- Raw data
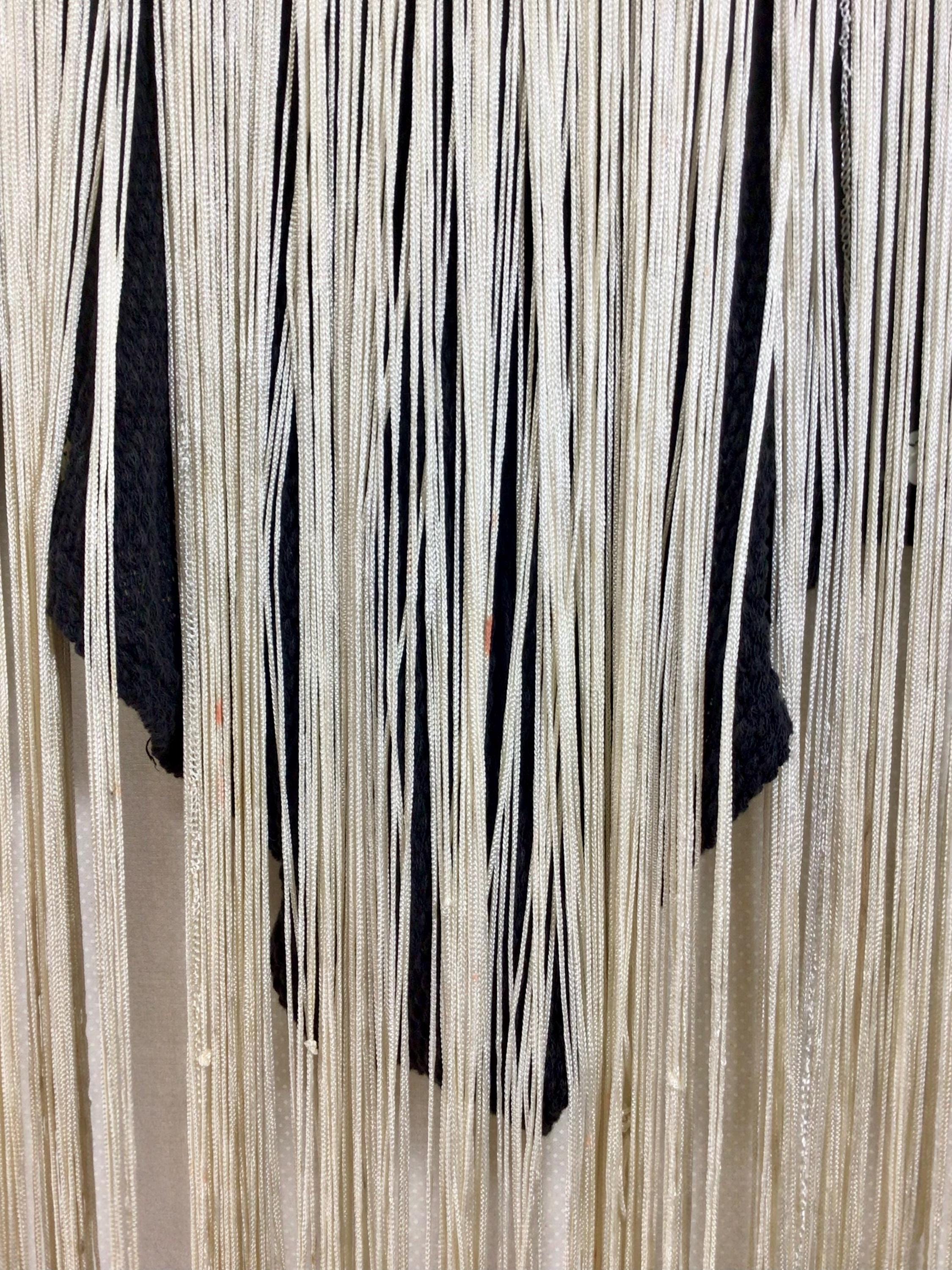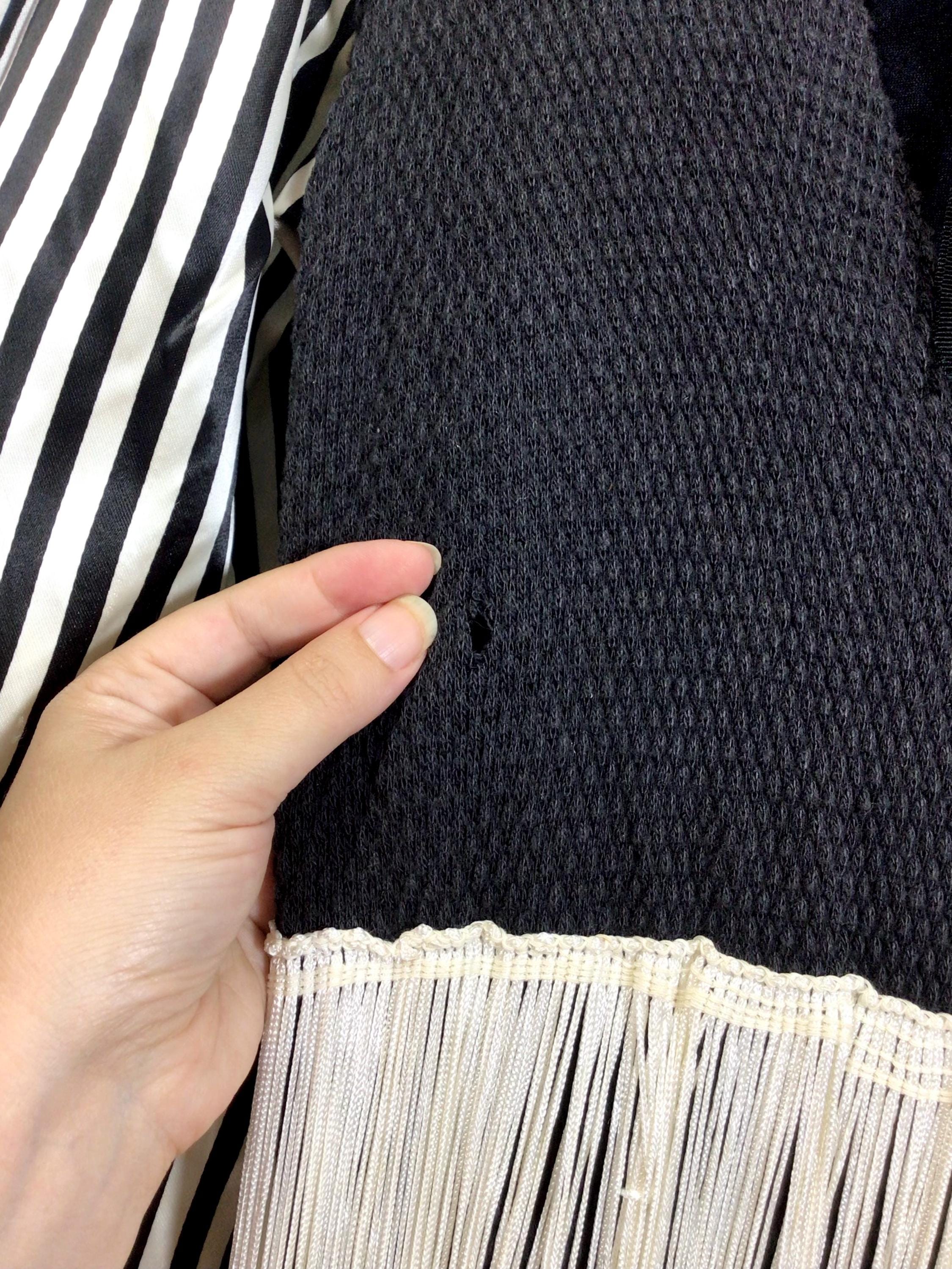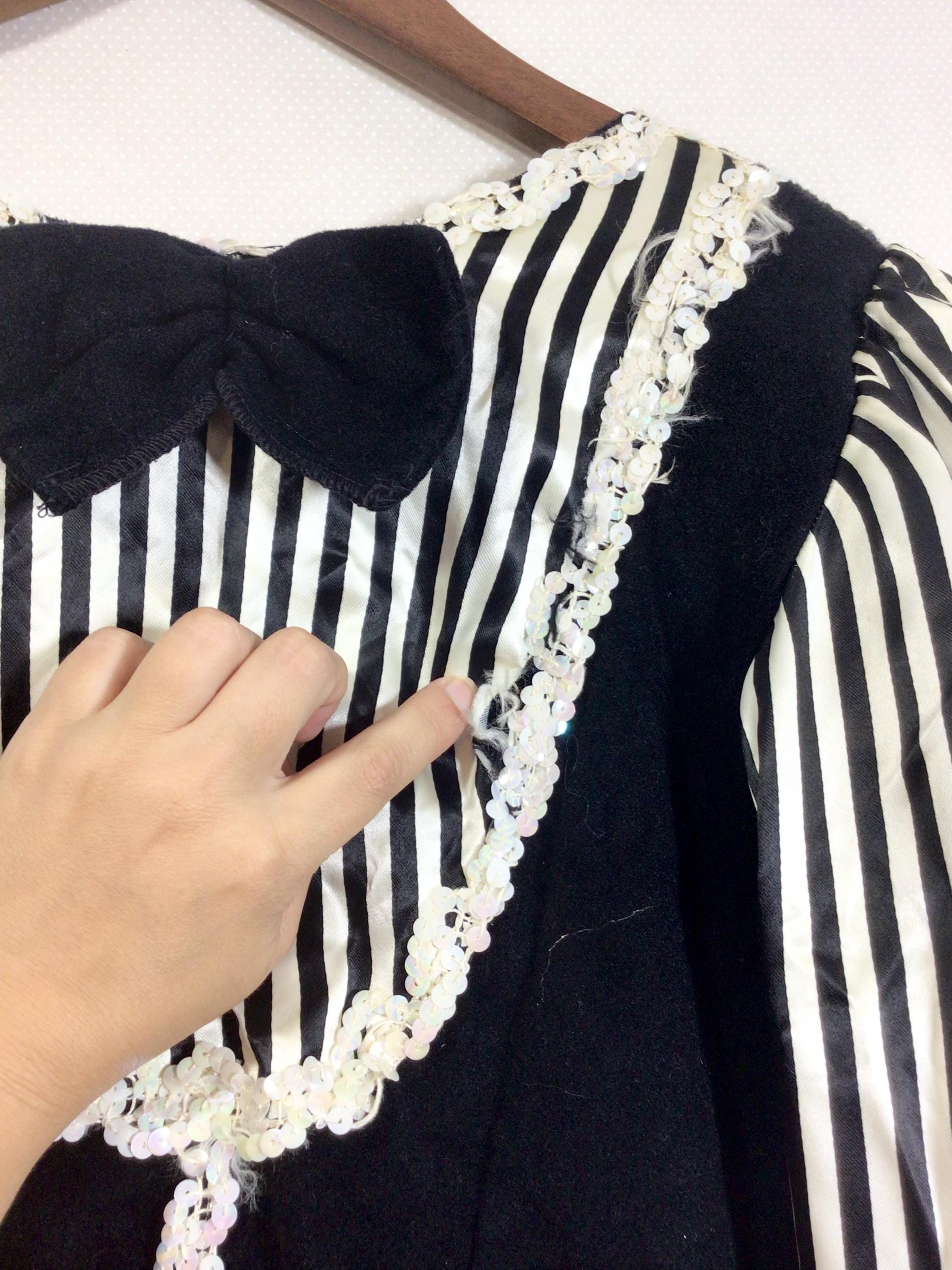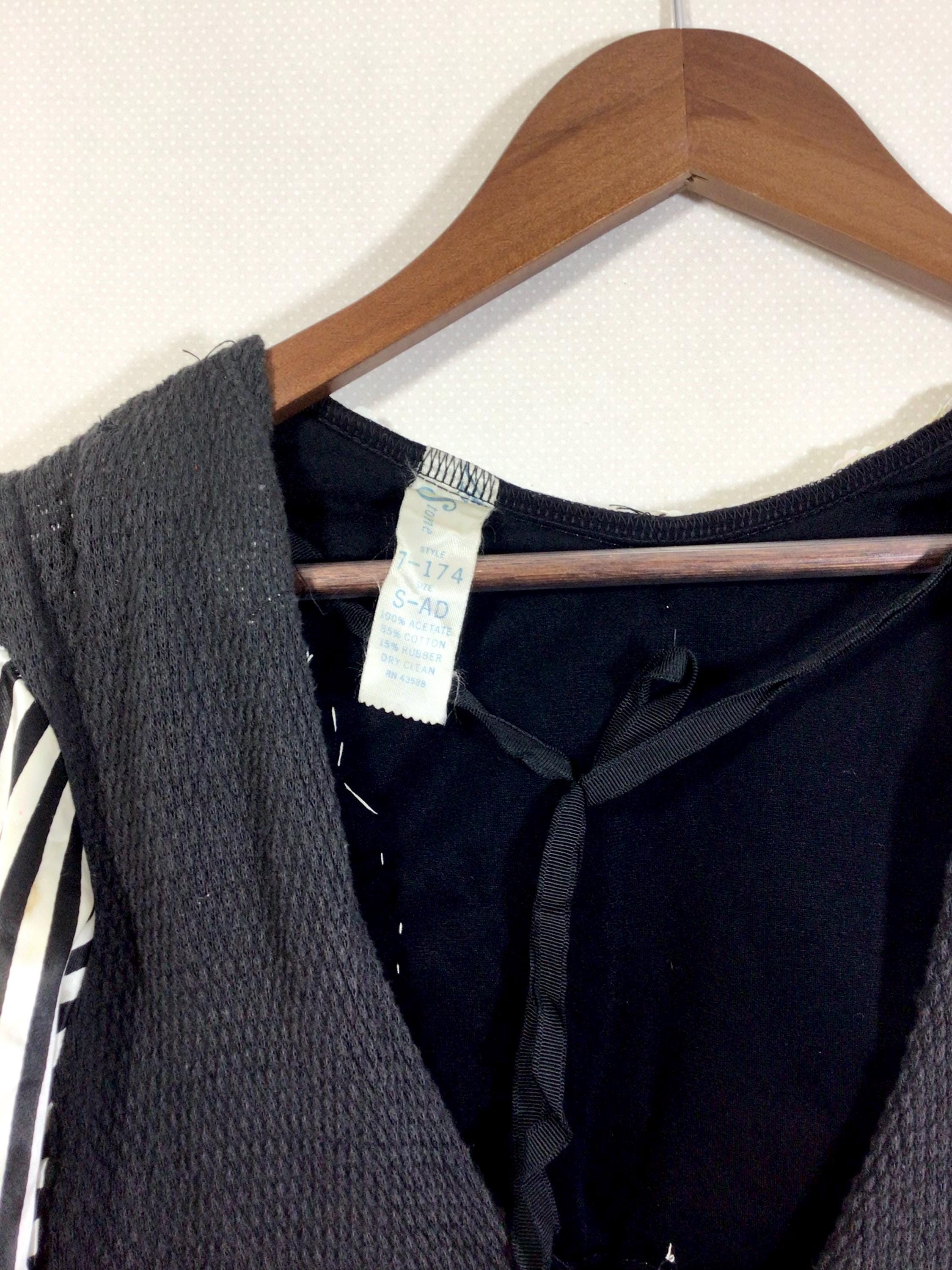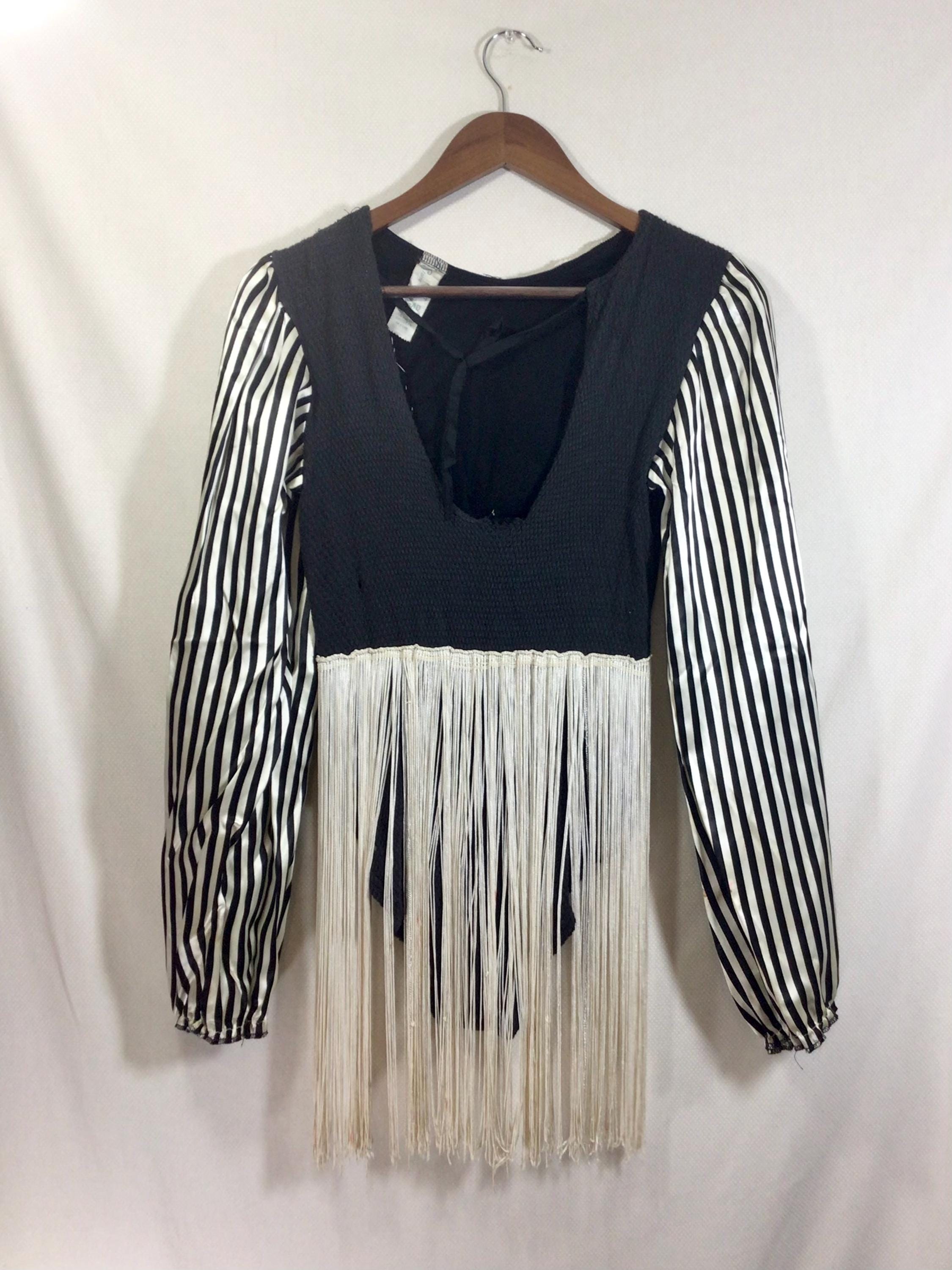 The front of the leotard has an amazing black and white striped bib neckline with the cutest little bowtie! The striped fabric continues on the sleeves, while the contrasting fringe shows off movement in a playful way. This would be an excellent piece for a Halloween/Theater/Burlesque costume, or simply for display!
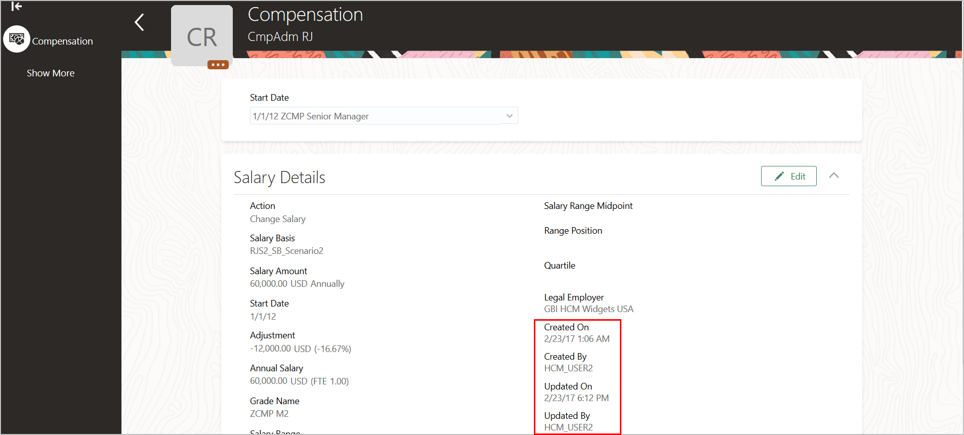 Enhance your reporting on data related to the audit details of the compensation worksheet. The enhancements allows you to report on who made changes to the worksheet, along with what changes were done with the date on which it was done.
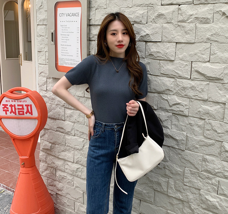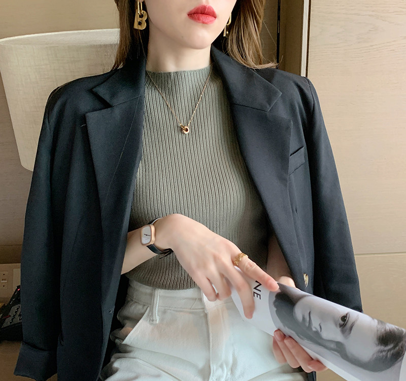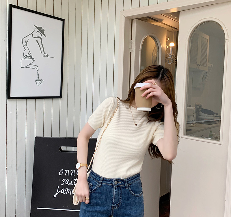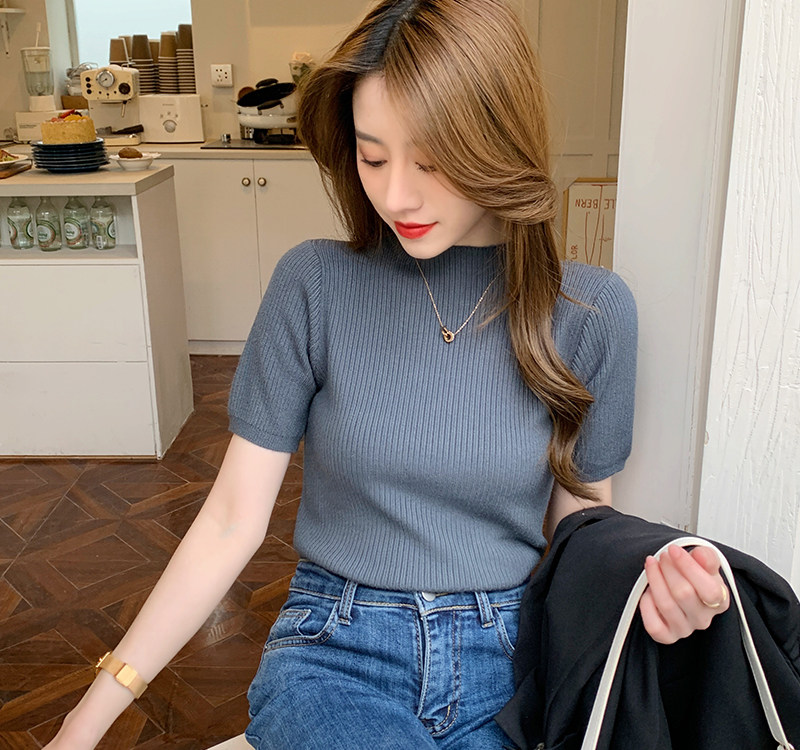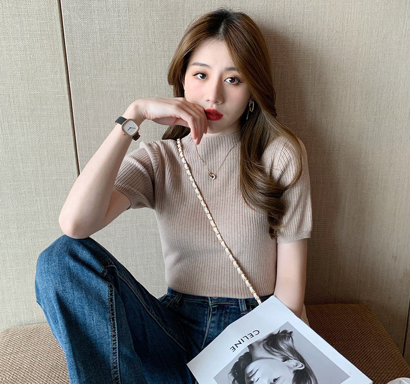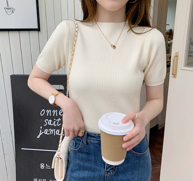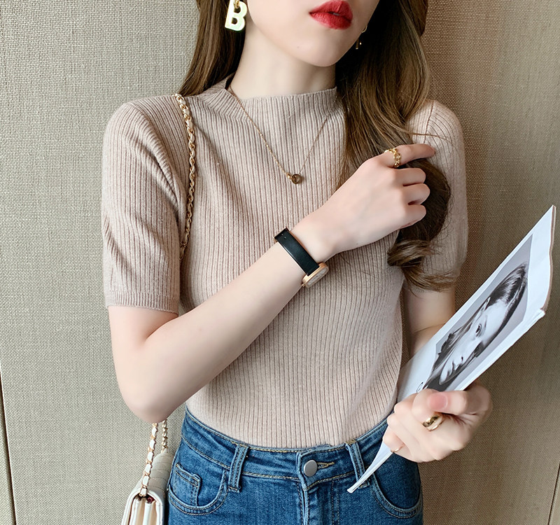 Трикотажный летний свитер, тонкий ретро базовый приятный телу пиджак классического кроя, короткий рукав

- Description of the task
If the data includes images, omit them, and set down everything else exactly as above.

- Result
 The front of the leotard has an amazing black and white striped bib neckline with the cutest little bowtie! The striped fabric continues on the sleeves, while the contrasting fringe shows off movement in a playful way. This would be an excellent piece for a Halloween/Theater/Burlesque costume, or simply for display!
 Enhance your reporting on data related to the audit details of the compensation worksheet. The enhancements allows you to report on who made changes to the worksheet, along with what changes were done with the date on which it was done.
 Трикотажный летний свитер, тонкий ретро базовый приятный телу пиджак классического кроя, короткий рукав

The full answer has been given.